In de begindagen van hun hongerstaking zei Suleyman Soylu, de minister van Binnenlandse Zaken, dat de twee leraren hun baan hadden verloren door banden met de linkse militante groepering Revolutionaire Volksbevrijdingspartij/Front (DHKP-C). "Er bestaan organische banden tussen deze twee personen en de terroristische organisatie DHKP-C... Dat is heel duidelijk," zei de minister. De bewering van de minister was mijlenver van de waarheid. De advocaat van de leerkrachten zei dat zij beiden waren vrijgesproken van de beschuldigingen die de minister had genoemd. In 2012 werden ze al vrijgesproken van het lidmaatschap van een militante organisatie, maar in 2017 werden ze ontslagen uit hun baan, omdat ze verdachten waren in een zaak waarvoor ze vijf jaar eerder waren vrijgesproken.
Op 28 september, tijdens de tweede zitting van hun proces, werd Ozakca in een rolstoel voor de rechter gebracht, maar artsen stonden Gulmen niet toe om aanwezig te zijn vanwege haar verslechterde toestand. Ozakca zei: "Geef ons onze banen terug en we stoppen de hongerstaking... Ze [de regering] probeert ons te temmen door ons brood weg te nemen".
Gewoonlijk staan verdachten voor de rechter, terwijl ze nog vrij zijn. Het hof verwierp hier hun beroep om berecht te worden zonder in hechtenis te worden genomen. Gulmen behoort naar de rechtbank worden gebracht vanuit de gevangenis "met geweld, indien nodig", zo oordeelde de rechter. Gelukkig hadden de verdachten niet geprobeerd om te ontsnappen! De rechtbank kon een zucht van verlichting slaken...
Zelfs de hemel is niet zo reusachtig onbarmhartig als de staat. Bij een voetbalwedstrijd in augustus liet een groep fans een plakkaat zien ter ondersteuning van Ozakca en Gulmen. Het plakkaat luidde: "Laat Nuriye en Semih leven". Slechts één zin - met een eenvoudige, vreedzame wens dat de twee leerkrachten tijdens hun hongerstaking niet in de gevangenis zouden sterven.
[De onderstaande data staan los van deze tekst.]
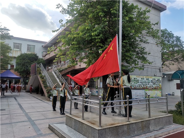洪亮的國歌聲響起,縈繞整個校園,全體師生莊嚴肅穆,面向國旗,精神飽滿地瞻仰國旗,迎接新的周一。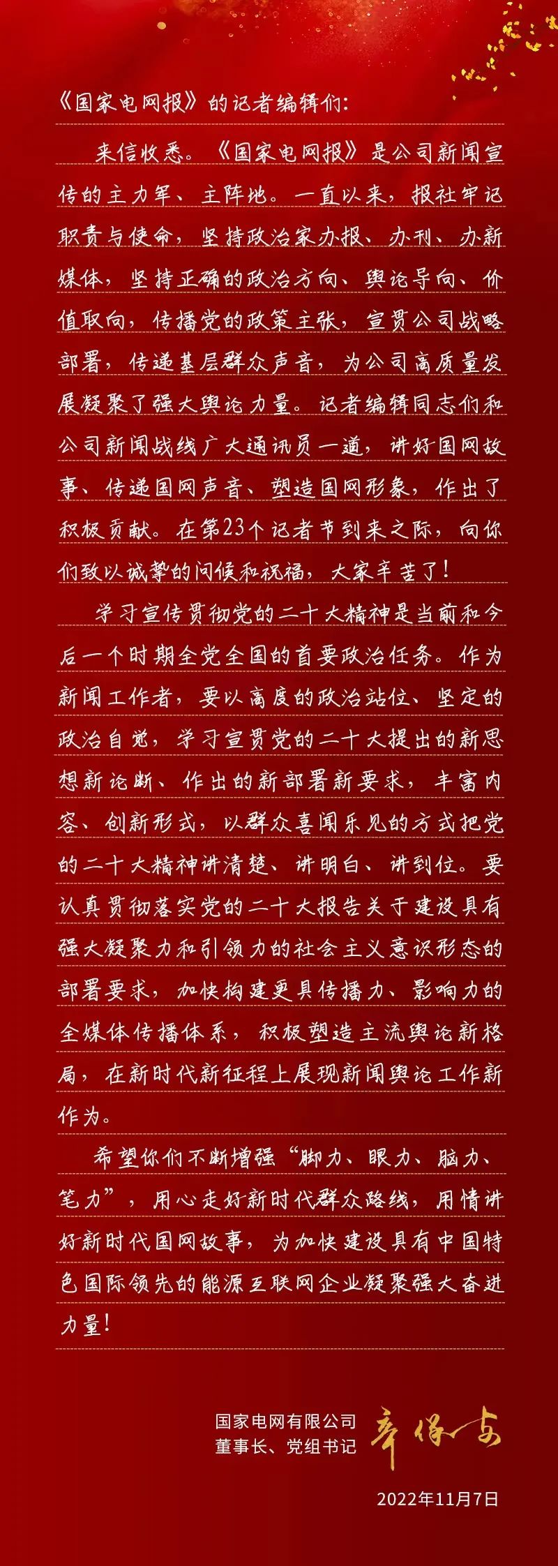 在第23個中國記者節(jié)到來之際,11月7日,國家電網(wǎng)有限公司董事長、黨組書記辛保安給《國家電網(wǎng)報》的記者編輯回信,要求認真學習宣傳貫徹黨的二十大精神,不斷增強腳力、眼力、腦力、筆力,用心走好新時代群眾路線,用情講好新時代國網(wǎng)故事,為加快建設(shè)具有中國特色國際領(lǐng)先的能源互聯(lián)網(wǎng)企業(yè)凝聚強大奮進力量。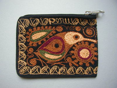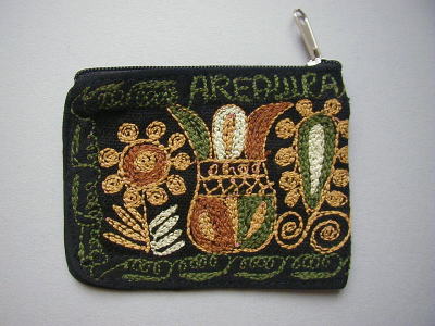 | アンデスの古代文明をモチーフにした刺繍がとても素敵です。 店主、一目惚れ!激惚れです! 機械刺繍ですが、びっしりとほぼ全面に刺繍が施されています。 しかも、表と裏で別の柄です。 名刺とほぼ同じ大きさ(ギリギリ入りません)の小さなパースなのですが、 お値段以上のリッチ感があります。 全5種類 各945円 |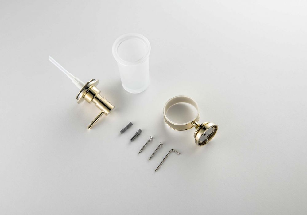 Материал - латунь Стакан из матового стекла Головка дозатора из цинкового сплава Держатель из латуни Упаковано в белую коробку Размеры: 121*69*163мм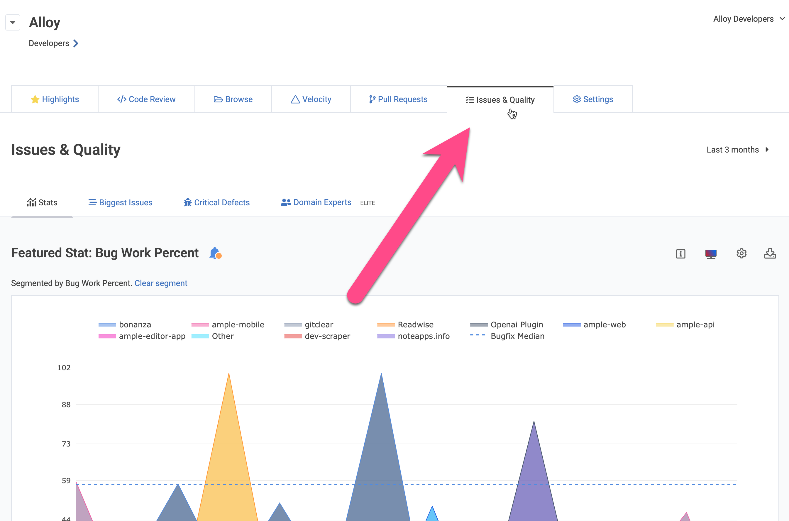 We have always allowed teams to see what percentage of their code progress effort is spent on fixing Jira tickets labeled "bugs." But as our research has proven, more than half of the regular team's bug fixing work happens outside the context of Jira tickets. Now, we offer a graph so that teams can better tease out the true, full cost of bug fixing compared to other types of work.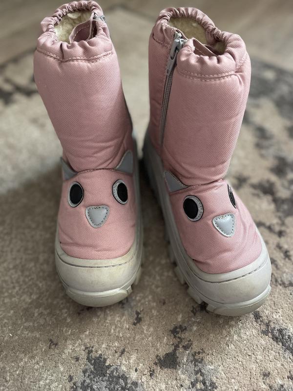 Сапожки фірми Bartex. Дуже якісні . Знизу(сіре це гума) наповнювач овчина . В ідеальному стані , все ціле . Тільки де сіре видно сліди носки . Можливо відмиваються не пробувала. Там де тканина -ідеальний стан Устілка 21-21,3 см
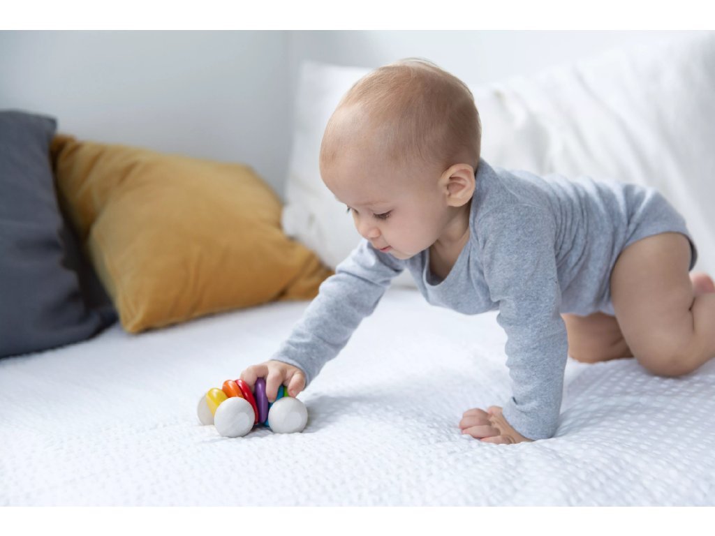 Barevné autíčko má flexibilní tělo, které reaguje na dotek dítěte a podporuje rozvoj vizuálních a pohybových dovedností.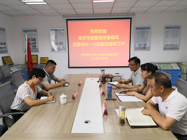 7月8日下午,安庆市数据资源管理局局长、安庆市筑梦新区副主任王静一行到公司太阳成tyc33455ccwww调研,就深入开展校地合作进行了交流,公司党政班子成员参加了座谈。
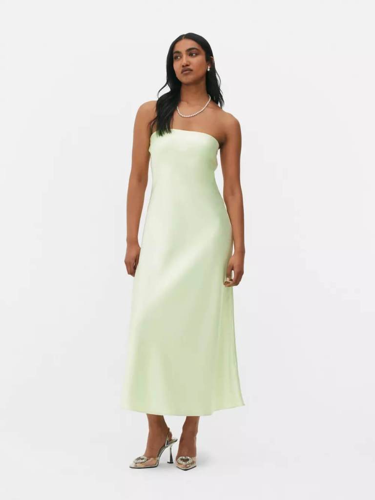 Otras de las tendencias absolutas de la primavera son las prendas satinadas, y como prueba os dejamos este vestido de invitada súper barato de Primark (25 euros). Cuenta con una silueta recta y nada ajustada que favorece la figura, y tiene un atrevido escote palabra de honor que puede quedar genial con una capa de gasa o un fular del mismo tejido. Su tono verde pastel lo hace de nuevo un modelo dulce y bonito para las más románticas.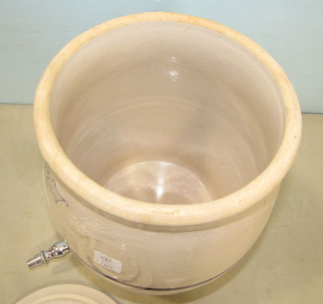 Blue label, crock in good condition, has lid, USA, 15"h. Blue label, crock in good condition, has lid, USA, 15"h.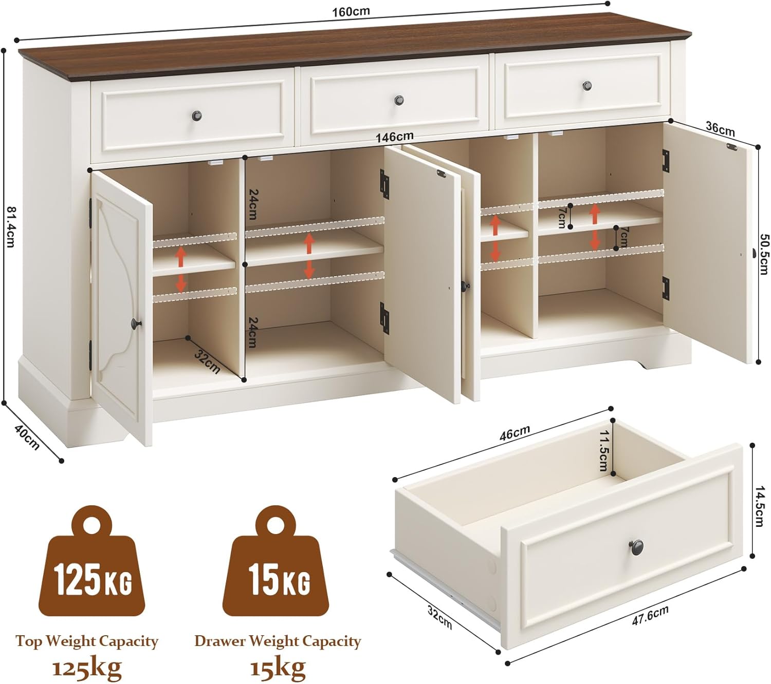 【Sturdy Construction】Constructed from high-quality MDF and easy steel rails, this farmhouse sideboard buffet cupboard includes a scratch-resistant floor for long-term use. An anti-tip {hardware} on the again, together with a strong base, ensures security and prevents accidents. The desktop can bear 176LBS and the drawer can bear 22LBS.

De ambtenaren van de gouverneur en de wetshandhavingsinstanties handelden onmiddellijk. Via de bewakingscamera's identificeerden zij de personen die het plakkaat vertoonden en lanceerden een aanklacht tegen hen met de beschuldiging van "het steunen van een terreurorganisatie".
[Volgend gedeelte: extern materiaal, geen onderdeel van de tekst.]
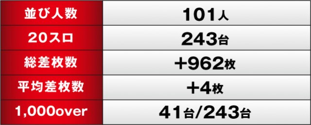 今回は飛びぬけた差枚数の台がなかったというのもあったが、トータル差枚数のほうは+962枚。まさに辛勝という形となったが、これで6月の「英雄のリアル」は4連勝で全勝を保った。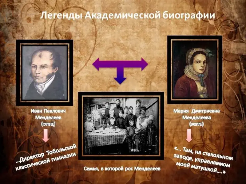 Дмитрий Менделеев был семнадцатым ребёнком в семье Ивана Павловича Менделеева, который занимал должность директора Тобольской гимназии и Марии Дмитриевны Менделеевой. На то время многодетная семья была нетипичной для русской интеллигенции. (Слайд 5)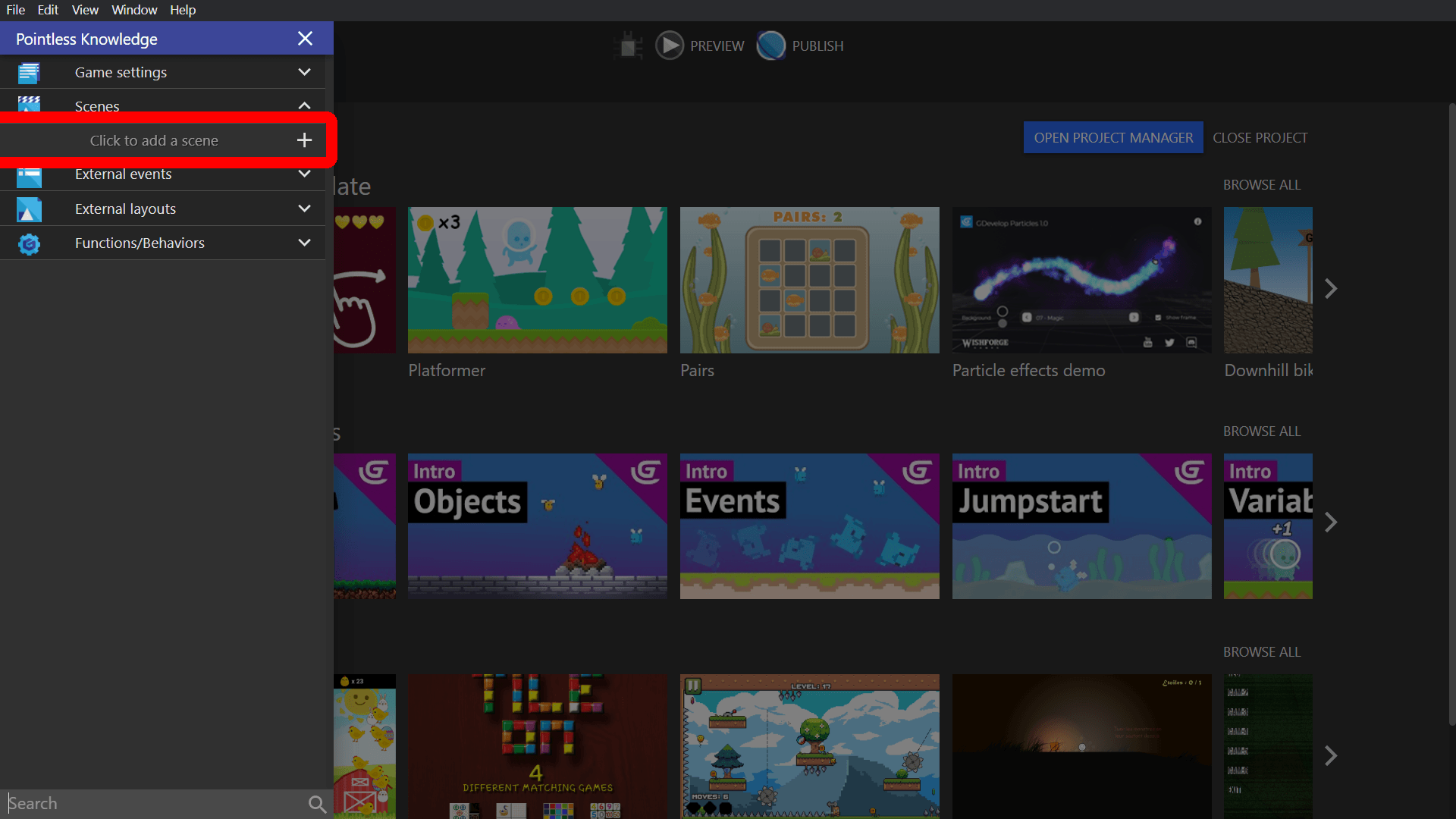 Add a scene by pressing on the highlighted button in the image below. Right click on that scene to rename it. Then left click on the scene to open it.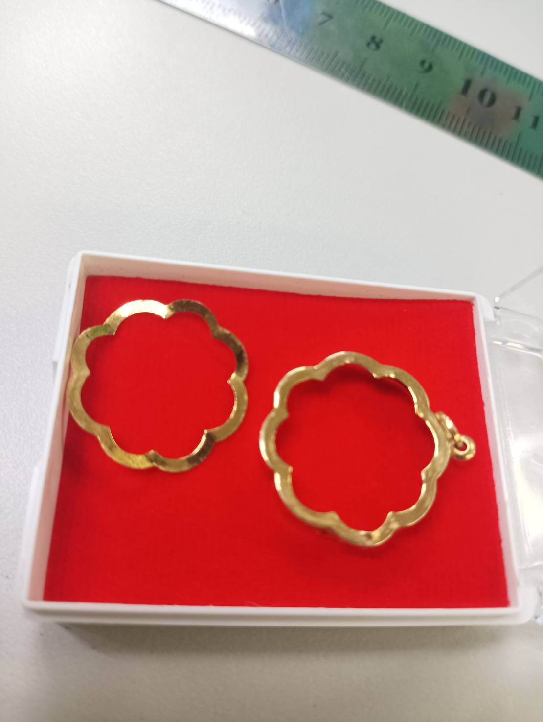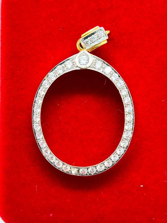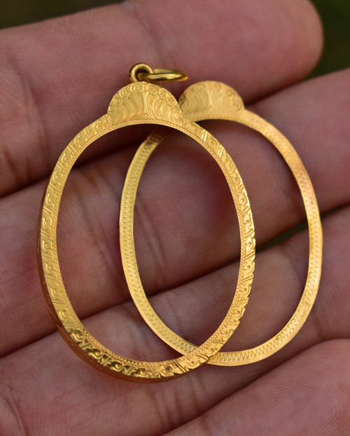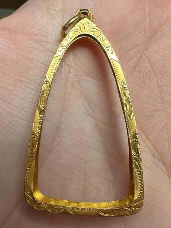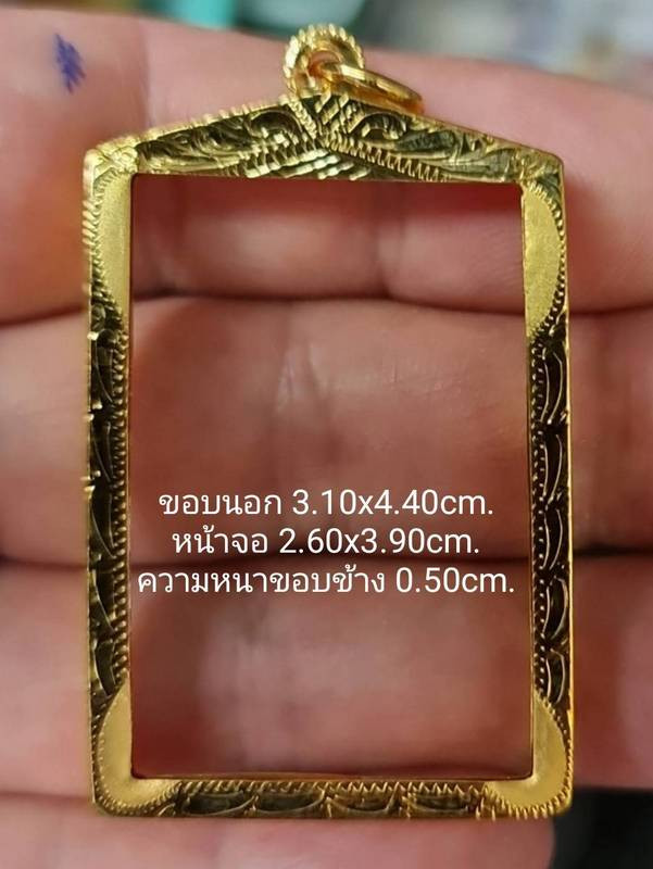 กรอบทองแท้มือสองสำหรับใส่ เหรียญและรูปหล่อขนาดเล็ก กว้างประมาณ 0.8 ซม หนัก 0.26 กรัม ตอกโค๊ดตรงห่วง 75 % |

De betogers dragen een foto van Nuriye Gulmen en Semih Ozakca tijdens de "Demaonstratie voor recht" in Istanbul op 9 juli 2017. |
Het bewijs? Het plakkaat luidde: "Laat Nuriye en Semih leven". In zekere zin vertelden de Turkse autoriteiten aan het publiek dat iedereen zou moeten denken: "Laat Nuriye en Semih sterven" - en anders is men een terrorist!
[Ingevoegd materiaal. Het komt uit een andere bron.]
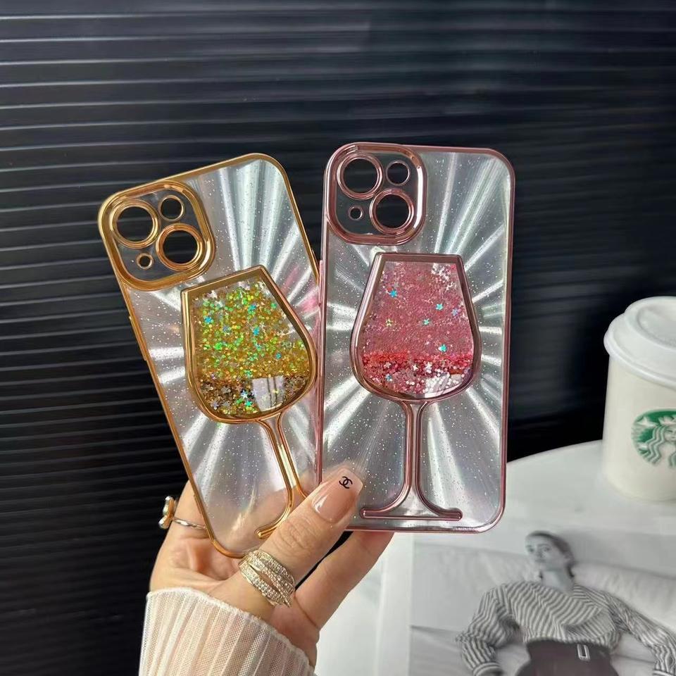 For IPhone16/15/14promax Plastic Soft Glue Electroplating Glitter Sheet Quicksand High Heel Wine Glass Transparent Phone case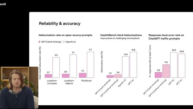 OpenAI 團(tuán)隊(duì)上臺(tái)介紹 GPT - 5 模型,稱其已在包括 Swe Bench 在內(nèi)的幾個(gè)基準(zhǔn)上達(dá)到新水平,其關(guān)鍵關(guān)注點(diǎn)在于提高可靠性并準(zhǔn)確陳述事實(shí)。IT 之家附上 GPT - 5 跑分如下:

Ozakca en Gulmen mogen niet worden overgelaten aan de genade van een meedogenloos staatsapparaat. Zij behoren alle mogelijke internationale steun krijgen. "Laat Nuriye en Semih leven!"
Burak Bekdil, een van de leidende journalisten van Turkije, werd onlangs na 29 jaar ontslagen bij zijn Turkse vooraanstaande krant vanwege het schrijven voor Gatestone van wat er in Turkije gebeurde. Hij is een van de collega's van het Forum voor het Midden-Oosten.